At the other end of the irregular sleep spectrum are those of us who are oversleeping. “One reason could be sheer boredom. For people working from home, it is best to mimic your earlier routine by establishing defined work hours and work space,” he says. “The other reason could be depression, in which case, you would need to consult a professional.”
Sweat more, sleep better
Anxiety is just one side of the coin. The lockdown has changed our very bodily rhythms, right down to our dietary patterns. As we juggle between work and domestic chores, for example, breakfast could become brunch and lunch an afternoon snack. This too affects our sleep.
“If you are eating late at night, we advise a minimum of two hours break before you go to bed, during which you should not be lying down. It may cause digestive disorders like gastroesophageal reflux disease, which aggravates insomnia,” says Dr Kanwar.

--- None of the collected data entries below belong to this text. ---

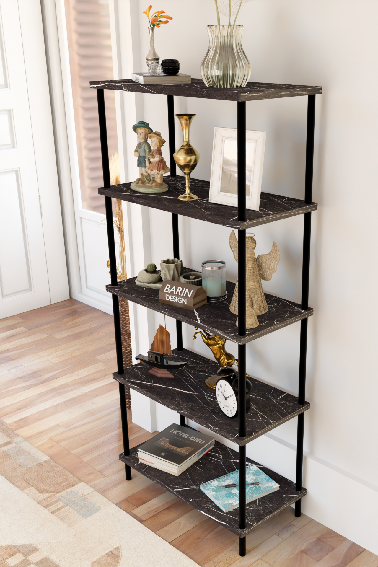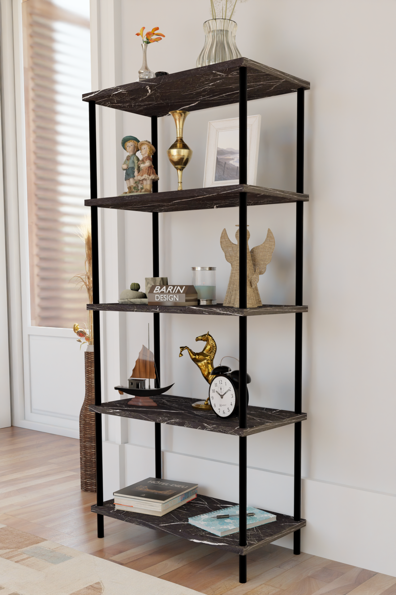5 Raflı Modern Metal Gövdeli Kitaplık Çevir-Tak Kolay Kurulum Çalışma Odası, Salon, Ofis Kullanımı Siyah Mermer
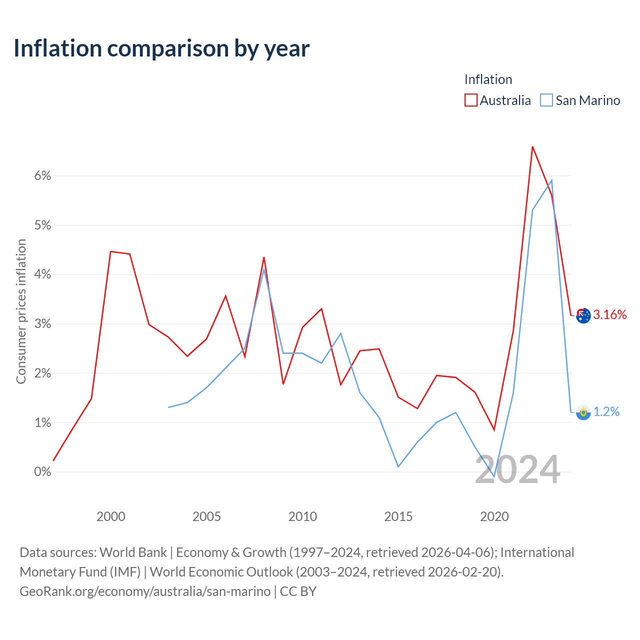 Over the past 22 years, Australia has recorded an average annual inflation rate of 2.73%, compared with 1.95% in San Marino. In 2024, inflation was 3.16% in Australia and 1.2% in San Marino.
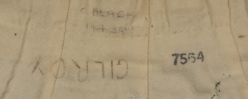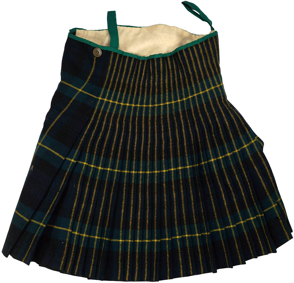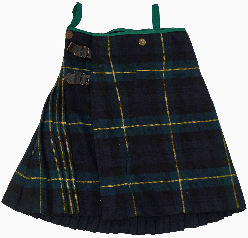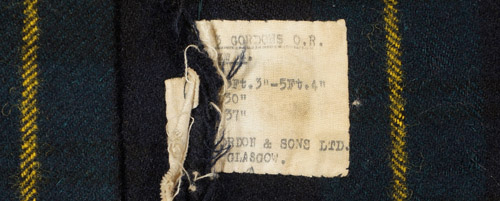 A box pleated wool kilt in the colours of the Gordon Highlander tartan that has two leather straps with double prong buckles, as well as three khaki green buttons along the waistband. A tag sewn to the interior states "No. 3 Gordons O.R. Size 4." "Length 5Ft. 3" - 5 Ft. 4", Waist 30" "Breech 37"." It also states the manufacture name of "Thomas Gordon & Sons Ltd. Glasgow." There is a hand stitched, diagonal seam to the front indicating a possible repair. Two green tapes are affixed to the waistband. The interior also have handwritten name "Gilroy", along with other markings. The wool appears to be in good condition, with some mothing to the white wool lining the waist.

Couple this with not enough physical exertion to tire you out, and you will have a case of delayed sleep. Dr Ramakrishnan advises deep stretch exercises and yoga. Strength training too aids a deeper sleep.
However, the timing of these exercises is also important. Traditionally, experts have recommended AM workouts, but a newer study from 2018, published in Sports Medicine , claimed that you can exercise in the evening as long as you avoid vigorous activity for at least one hour before bedtime.

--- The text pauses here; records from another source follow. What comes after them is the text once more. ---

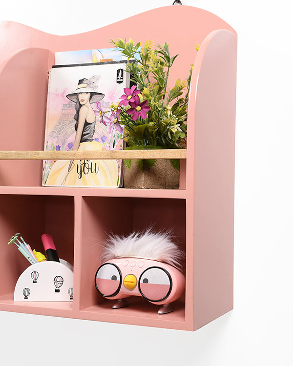 Playful Pink Wall Bookshelf—Scalloped Design | Hanging Storage Shelf
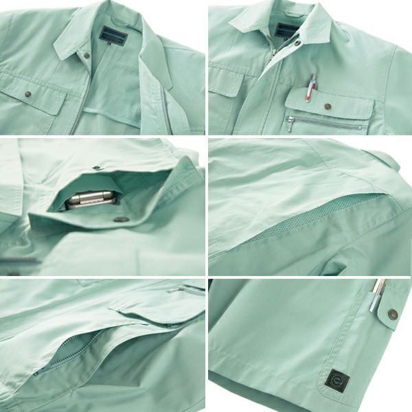 1、背裏メッシュ 2、ノーフォークメッシュ 3、脇ダブルポケット 4、右胸携帯ポケット 5、左袖ペン差 エコマーク商品(グリーン購入法適合) 6、左胸ペン差し・Wポケット 7、ペットボルト リサイクル繊維 8、制電素材 9、ポプリン 10、ECOPET 11、ECOCLEAN |
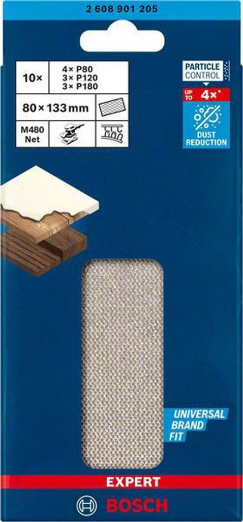 Dammfri slipning av trä, färg och gips - Bosch Particle Control ser till att alla dammpartiklar sugs in i dammsugaren eller filtret. Bosch Expert M480 slipnät återfinns i systemets främsta led: Partiklar går rakt genom det öppna nätet i stället för att täppa igen ytan eller förorena luften. Det gör det också mycket effektivt och extremt hållbart. Sätt bara fast det med kardborre.
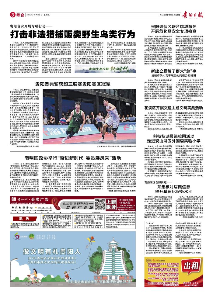 本报讯 2025赛季超三联赛贵阳赛区收官之战于10月8日在云岩区万江路贵州奥弗职业篮球基地落幕。主场作战的贵阳奥弗在决赛中发挥出色,以明显优势战胜广东宝安生涯,获得贵阳站冠军。 决赛中
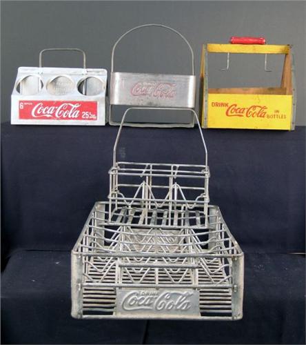 1 lot of 5 misc "Coca-Cola" bottle carriers 3 are metal 6-paks, 1 wood 6-pak, and a 24 bottle wire carrier
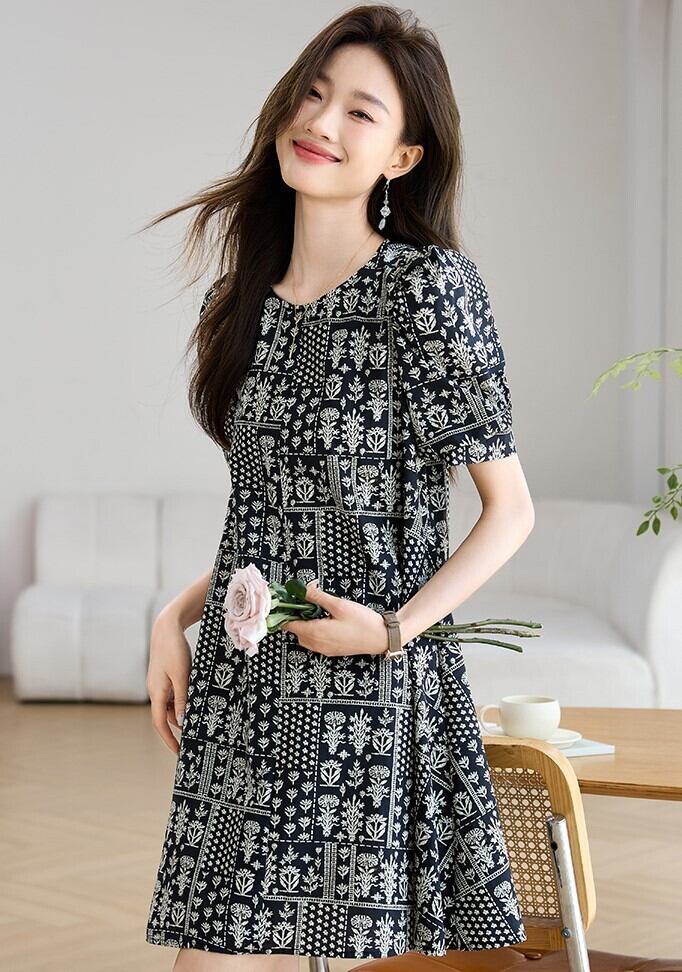 レディース ワンピース ショート 半袖 Aライン ハイウエスト かわいい 大人可愛い きれいめ カジュアル おしゃれ 主役級 存在感 総柄 夏 M L XL 2XL 3XL ブラック

Despite this, in the current scenario, it is best we stick to traditional advice for a reason simple enough: sunlight.
Night and day
“Normally, we have an internal clock, a circadian rhythm that the body follows. The stimulus for maintaining that rhythm is light and darkness,” says Dr Ramakrishnan.
“At night, our body starts generating the hormone melatonin. When we are exposed to sunlight the melatonin level falls. Therefore, having darkness at night and being exposed to sunlight in the daytime is essential for maintaining this cycle.”
As we are cooped up in our homes, the level of sunlight we receive has gone down, affecting not only Vitamin D levels, but also our ability to generate melatonin at the right time. “That is the reason we specifically ask people to work out in the morning. Many do work out, but they end up doing so indoors, in the late evenings or nights,” he says.
Similarly, at night, refrain from any kind of exposure to light as it will “stimulate the rods and cones in your retina, impacting sleep.” So scrolling through bottomless pits of social media until it lulls you to sleep is not the best idea. With no downtime, your mind will constantly be awake, and this behaviour exists under normal circumstances as well.
“If you are going to look at your screen even if it is in your bedroom, sit away from the bed on a chair,” he says, asking us to be careful of the associations we form with the bed. “Daytime or night-time, do not use your phone, or laptops or even read books in the bed. Remember that the bed is for sleep and sex only.”